• _Work instructions_
After finding "Great 3 bedroom" in the data, write out its line and all following lines without change, up to and including the last one. Leave out pictures.

• _Supplied data_
------

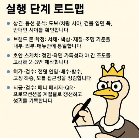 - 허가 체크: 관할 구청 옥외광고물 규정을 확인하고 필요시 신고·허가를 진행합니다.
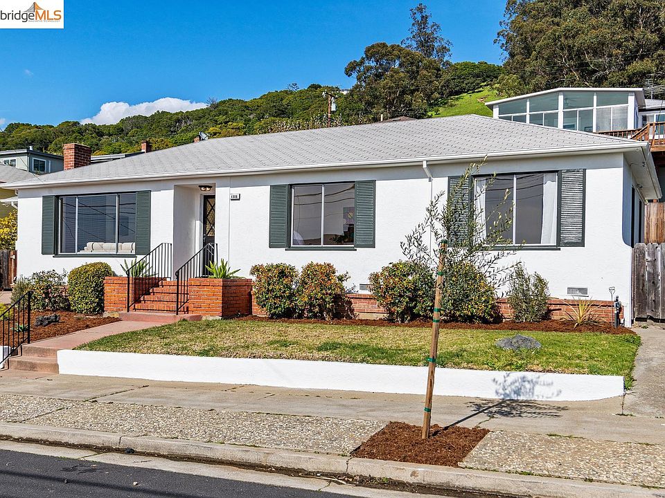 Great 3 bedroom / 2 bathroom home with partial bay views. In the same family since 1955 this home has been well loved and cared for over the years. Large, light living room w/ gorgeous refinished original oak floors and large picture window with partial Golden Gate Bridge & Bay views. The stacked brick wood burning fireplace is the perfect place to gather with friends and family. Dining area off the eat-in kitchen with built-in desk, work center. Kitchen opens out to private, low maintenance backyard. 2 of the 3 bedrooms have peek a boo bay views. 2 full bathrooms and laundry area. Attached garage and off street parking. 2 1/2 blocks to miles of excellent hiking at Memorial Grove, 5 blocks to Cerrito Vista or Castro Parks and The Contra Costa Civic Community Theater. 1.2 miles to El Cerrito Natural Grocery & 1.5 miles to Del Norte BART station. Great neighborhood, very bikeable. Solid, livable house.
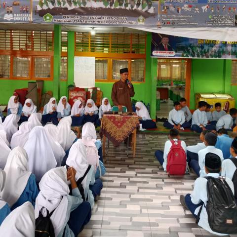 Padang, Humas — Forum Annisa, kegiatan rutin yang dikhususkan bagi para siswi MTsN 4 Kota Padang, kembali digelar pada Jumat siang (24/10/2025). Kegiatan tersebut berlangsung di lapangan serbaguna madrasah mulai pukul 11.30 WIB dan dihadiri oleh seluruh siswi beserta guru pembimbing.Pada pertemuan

------

• _Output for this exercise_
 Great 3 bedroom / 2 bathroom home with partial bay views. In the same family since 1955 this home has been well loved and cared for over the years. Large, light living room w/ gorgeous refinished original oak floors and large picture window with partial Golden Gate Bridge & Bay views. The stacked brick wood burning fireplace is the perfect place to gather with friends and family. Dining area off the eat-in kitchen with built-in desk, work center. Kitchen opens out to private, low maintenance backyard. 2 of the 3 bedrooms have peek a boo bay views. 2 full bathrooms and laundry area. Attached garage and off street parking. 2 1/2 blocks to miles of excellent hiking at Memorial Grove, 5 blocks to Cerrito Vista or Castro Parks and The Contra Costa Civic Community Theater. 1.2 miles to El Cerrito Natural Grocery & 1.5 miles to Del Norte BART station. Great neighborhood, very bikeable. Solid, livable house.
 Padang, Humas — Forum Annisa, kegiatan rutin yang dikhususkan bagi para siswi MTsN 4 Kota Padang, kembali digelar pada Jumat siang (24/10/2025). Kegiatan tersebut berlangsung di lapangan serbaguna madrasah mulai pukul 11.30 WIB dan dihadiri oleh seluruh siswi beserta guru pembimbing.Pada pertemuan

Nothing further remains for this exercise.